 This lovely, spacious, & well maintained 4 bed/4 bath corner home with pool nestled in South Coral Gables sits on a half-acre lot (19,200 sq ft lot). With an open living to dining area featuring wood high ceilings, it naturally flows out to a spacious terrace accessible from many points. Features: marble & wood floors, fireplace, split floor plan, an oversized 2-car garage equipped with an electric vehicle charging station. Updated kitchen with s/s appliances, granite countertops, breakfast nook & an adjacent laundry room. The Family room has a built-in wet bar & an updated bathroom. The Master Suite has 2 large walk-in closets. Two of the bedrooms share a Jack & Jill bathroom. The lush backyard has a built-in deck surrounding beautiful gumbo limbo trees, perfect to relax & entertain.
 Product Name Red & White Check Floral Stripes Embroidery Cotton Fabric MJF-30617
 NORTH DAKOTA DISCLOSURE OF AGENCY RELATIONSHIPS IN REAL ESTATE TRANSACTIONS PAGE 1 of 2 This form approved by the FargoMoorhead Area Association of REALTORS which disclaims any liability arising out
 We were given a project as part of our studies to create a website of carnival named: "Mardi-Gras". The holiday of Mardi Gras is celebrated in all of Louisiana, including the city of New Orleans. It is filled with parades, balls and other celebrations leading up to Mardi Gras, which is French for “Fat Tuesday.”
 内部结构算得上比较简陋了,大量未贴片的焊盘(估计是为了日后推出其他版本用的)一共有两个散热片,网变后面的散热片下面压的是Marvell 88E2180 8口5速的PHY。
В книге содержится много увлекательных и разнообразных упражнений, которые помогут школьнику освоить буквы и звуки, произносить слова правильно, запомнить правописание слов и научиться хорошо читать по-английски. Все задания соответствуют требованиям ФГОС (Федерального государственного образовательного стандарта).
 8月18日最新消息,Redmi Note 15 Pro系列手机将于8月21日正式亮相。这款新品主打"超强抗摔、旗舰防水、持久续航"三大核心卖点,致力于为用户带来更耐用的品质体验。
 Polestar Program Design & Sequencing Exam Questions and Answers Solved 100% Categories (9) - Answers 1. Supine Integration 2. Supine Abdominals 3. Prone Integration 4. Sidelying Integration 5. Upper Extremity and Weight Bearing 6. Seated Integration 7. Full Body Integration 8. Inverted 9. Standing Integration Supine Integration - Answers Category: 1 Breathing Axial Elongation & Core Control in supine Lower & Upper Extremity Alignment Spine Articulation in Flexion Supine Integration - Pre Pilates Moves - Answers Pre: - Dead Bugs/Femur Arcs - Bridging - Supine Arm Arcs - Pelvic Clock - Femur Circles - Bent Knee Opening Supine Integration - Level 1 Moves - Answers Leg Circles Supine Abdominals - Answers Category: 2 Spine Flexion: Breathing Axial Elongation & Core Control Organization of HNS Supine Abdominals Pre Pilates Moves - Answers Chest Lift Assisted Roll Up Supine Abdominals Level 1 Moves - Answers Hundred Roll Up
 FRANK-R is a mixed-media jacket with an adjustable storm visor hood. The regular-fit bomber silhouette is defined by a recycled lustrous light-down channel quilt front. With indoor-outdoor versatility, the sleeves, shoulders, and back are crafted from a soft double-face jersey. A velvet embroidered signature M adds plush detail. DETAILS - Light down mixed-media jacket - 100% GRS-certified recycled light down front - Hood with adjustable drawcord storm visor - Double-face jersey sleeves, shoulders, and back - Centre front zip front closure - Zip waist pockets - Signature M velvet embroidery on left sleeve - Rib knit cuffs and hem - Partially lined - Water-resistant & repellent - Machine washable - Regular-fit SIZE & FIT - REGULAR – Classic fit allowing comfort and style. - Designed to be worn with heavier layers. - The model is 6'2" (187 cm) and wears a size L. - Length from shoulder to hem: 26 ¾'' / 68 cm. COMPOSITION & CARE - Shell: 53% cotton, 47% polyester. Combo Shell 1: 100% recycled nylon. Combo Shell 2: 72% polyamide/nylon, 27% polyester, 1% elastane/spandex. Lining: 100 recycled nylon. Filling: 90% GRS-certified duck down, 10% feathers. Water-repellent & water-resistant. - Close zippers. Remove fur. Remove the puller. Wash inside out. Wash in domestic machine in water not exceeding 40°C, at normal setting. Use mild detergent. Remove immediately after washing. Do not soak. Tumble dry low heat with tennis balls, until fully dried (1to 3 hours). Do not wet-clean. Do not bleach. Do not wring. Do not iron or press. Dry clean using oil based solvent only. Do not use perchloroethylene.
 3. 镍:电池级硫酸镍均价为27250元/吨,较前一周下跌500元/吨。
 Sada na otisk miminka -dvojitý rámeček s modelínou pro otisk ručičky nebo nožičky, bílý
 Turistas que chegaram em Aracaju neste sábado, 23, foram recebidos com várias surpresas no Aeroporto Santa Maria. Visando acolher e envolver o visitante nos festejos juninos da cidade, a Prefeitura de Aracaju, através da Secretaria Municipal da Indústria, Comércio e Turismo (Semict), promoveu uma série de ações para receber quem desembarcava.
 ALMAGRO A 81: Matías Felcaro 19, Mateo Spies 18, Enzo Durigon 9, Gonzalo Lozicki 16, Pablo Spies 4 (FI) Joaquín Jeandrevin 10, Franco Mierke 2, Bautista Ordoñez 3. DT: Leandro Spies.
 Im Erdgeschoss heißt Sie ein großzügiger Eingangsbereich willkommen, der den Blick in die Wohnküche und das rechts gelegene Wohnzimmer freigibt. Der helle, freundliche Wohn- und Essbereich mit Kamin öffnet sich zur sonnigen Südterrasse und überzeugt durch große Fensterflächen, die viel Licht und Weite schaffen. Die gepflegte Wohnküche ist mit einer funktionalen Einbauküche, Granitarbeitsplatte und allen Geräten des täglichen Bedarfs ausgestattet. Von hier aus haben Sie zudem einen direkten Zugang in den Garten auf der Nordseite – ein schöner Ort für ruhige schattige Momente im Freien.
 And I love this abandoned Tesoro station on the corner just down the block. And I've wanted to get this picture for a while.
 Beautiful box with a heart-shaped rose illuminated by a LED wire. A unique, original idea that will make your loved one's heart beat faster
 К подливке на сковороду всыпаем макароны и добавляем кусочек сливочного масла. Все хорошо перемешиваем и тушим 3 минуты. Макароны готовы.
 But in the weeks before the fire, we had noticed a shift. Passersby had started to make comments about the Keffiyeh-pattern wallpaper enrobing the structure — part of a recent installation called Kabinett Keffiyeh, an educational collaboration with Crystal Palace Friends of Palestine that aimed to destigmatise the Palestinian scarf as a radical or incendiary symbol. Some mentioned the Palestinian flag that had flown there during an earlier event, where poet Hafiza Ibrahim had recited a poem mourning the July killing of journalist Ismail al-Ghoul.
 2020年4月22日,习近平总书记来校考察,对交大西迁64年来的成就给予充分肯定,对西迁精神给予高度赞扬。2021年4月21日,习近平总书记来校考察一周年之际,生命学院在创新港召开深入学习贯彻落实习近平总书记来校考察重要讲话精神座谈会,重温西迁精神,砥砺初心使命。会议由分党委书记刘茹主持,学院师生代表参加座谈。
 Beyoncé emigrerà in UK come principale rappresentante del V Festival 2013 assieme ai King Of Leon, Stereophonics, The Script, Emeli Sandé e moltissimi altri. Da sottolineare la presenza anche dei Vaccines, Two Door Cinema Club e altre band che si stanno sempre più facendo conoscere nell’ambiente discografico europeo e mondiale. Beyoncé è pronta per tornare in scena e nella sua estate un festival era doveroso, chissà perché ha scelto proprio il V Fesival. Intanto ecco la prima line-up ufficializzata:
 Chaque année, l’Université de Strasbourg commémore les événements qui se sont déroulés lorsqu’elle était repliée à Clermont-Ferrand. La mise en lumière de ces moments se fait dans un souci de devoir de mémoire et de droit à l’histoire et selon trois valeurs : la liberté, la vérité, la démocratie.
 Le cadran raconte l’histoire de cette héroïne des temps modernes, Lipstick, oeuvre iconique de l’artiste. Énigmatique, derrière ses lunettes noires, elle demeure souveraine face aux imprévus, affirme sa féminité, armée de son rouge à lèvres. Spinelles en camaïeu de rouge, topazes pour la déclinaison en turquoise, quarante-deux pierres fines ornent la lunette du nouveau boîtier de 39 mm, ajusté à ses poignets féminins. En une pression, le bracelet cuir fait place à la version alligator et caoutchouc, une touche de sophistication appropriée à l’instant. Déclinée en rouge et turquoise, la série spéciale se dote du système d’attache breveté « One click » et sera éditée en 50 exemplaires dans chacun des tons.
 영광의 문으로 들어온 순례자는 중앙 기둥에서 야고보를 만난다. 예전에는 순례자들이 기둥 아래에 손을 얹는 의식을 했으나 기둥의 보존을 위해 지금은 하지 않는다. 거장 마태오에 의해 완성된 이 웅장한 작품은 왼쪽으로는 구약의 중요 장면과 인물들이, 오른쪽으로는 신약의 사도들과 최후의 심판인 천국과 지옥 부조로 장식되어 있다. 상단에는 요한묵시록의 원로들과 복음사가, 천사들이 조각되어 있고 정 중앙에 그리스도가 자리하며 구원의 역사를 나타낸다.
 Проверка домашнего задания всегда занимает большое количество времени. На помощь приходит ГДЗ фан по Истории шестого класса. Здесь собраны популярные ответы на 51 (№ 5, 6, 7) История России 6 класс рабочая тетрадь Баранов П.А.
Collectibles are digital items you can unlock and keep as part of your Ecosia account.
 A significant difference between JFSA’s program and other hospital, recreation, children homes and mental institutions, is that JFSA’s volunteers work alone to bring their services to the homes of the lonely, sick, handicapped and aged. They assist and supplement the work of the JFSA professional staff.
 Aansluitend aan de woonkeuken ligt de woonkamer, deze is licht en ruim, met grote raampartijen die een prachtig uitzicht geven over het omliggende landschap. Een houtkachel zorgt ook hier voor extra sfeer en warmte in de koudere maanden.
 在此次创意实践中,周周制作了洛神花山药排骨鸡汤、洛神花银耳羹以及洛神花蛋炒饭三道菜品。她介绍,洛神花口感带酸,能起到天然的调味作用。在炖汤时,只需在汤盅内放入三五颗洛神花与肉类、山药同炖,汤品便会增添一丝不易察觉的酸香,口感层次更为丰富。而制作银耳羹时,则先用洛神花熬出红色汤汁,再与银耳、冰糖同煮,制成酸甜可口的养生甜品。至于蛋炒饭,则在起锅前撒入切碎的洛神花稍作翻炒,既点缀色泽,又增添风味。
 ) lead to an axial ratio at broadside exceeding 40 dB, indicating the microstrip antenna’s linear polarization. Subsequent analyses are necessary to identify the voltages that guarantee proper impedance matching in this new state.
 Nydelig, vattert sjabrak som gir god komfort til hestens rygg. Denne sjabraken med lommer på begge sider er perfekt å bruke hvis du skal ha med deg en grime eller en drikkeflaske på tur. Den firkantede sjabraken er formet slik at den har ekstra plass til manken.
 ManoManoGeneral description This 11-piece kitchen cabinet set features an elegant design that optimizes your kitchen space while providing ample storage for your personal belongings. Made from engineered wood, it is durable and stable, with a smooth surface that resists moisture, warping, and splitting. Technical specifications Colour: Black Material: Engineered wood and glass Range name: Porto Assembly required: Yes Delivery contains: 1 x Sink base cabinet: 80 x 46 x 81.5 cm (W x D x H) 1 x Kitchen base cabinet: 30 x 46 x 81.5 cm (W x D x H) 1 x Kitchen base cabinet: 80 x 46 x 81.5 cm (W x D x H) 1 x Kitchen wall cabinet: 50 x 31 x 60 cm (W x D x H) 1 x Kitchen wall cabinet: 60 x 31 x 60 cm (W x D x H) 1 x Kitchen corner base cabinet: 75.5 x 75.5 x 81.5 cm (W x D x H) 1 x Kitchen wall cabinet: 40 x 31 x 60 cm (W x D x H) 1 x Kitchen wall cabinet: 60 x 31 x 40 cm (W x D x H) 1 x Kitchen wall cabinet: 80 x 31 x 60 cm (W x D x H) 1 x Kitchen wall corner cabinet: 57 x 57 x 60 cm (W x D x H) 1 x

• [YOUR TASK]: Would you please write out, exactly and with no other lines, the stretch of the listing above from the line containing "3. 镍:电池级硫酸镍均价为27250元/吨,较前一周下跌500元/吨。" through the line containing "К подливке на"?

• [SOLUTION BELOW]:
 3. 镍:电池级硫酸镍均价为27250元/吨,较前一周下跌500元/吨。
 Sada na otisk miminka -dvojitý rámeček s modelínou pro otisk ručičky nebo nožičky, bílý
 Turistas que chegaram em Aracaju neste sábado, 23, foram recebidos com várias surpresas no Aeroporto Santa Maria. Visando acolher e envolver o visitante nos festejos juninos da cidade, a Prefeitura de Aracaju, através da Secretaria Municipal da Indústria, Comércio e Turismo (Semict), promoveu uma série de ações para receber quem desembarcava.
 ALMAGRO A 81: Matías Felcaro 19, Mateo Spies 18, Enzo Durigon 9, Gonzalo Lozicki 16, Pablo Spies 4 (FI) Joaquín Jeandrevin 10, Franco Mierke 2, Bautista Ordoñez 3. DT: Leandro Spies.
 Im Erdgeschoss heißt Sie ein großzügiger Eingangsbereich willkommen, der den Blick in die Wohnküche und das rechts gelegene Wohnzimmer freigibt. Der helle, freundliche Wohn- und Essbereich mit Kamin öffnet sich zur sonnigen Südterrasse und überzeugt durch große Fensterflächen, die viel Licht und Weite schaffen. Die gepflegte Wohnküche ist mit einer funktionalen Einbauküche, Granitarbeitsplatte und allen Geräten des täglichen Bedarfs ausgestattet. Von hier aus haben Sie zudem einen direkten Zugang in den Garten auf der Nordseite – ein schöner Ort für ruhige schattige Momente im Freien.
 And I love this abandoned Tesoro station on the corner just down the block. And I've wanted to get this picture for a while.
 Beautiful box with a heart-shaped rose illuminated by a LED wire. A unique, original idea that will make your loved one's heart beat faster
 К подливке на сковороду всыпаем макароны и добавляем кусочек сливочного масла. Все хорошо перемешиваем и тушим 3 минуты. Макароны готовы.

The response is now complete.